* **Problem to solve**: From the first line to the last, write out the material exactly.

* **Given data**:

══════════

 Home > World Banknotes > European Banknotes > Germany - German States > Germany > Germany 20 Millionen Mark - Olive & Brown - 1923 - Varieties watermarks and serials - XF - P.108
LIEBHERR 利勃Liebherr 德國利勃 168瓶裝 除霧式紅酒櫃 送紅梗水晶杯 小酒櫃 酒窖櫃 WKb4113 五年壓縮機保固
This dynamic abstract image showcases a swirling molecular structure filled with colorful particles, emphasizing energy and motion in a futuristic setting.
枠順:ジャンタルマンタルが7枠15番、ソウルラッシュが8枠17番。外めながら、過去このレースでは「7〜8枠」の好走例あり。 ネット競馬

══════════

* **Solved problem**:
 Home > World Banknotes > European Banknotes > Germany - German States > Germany > Germany 20 Millionen Mark - Olive & Brown - 1923 - Varieties watermarks and serials - XF - P.108
LIEBHERR 利勃Liebherr 德國利勃 168瓶裝 除霧式紅酒櫃 送紅梗水晶杯 小酒櫃 酒窖櫃 WKb4113 五年壓縮機保固
This dynamic abstract image showcases a swirling molecular structure filled with colorful particles, emphasizing energy and motion in a futuristic setting.
枠順:ジャンタルマンタルが7枠15番、ソウルラッシュが8枠17番。外めながら、過去このレースでは「7〜8枠」の好走例あり。 ネット競馬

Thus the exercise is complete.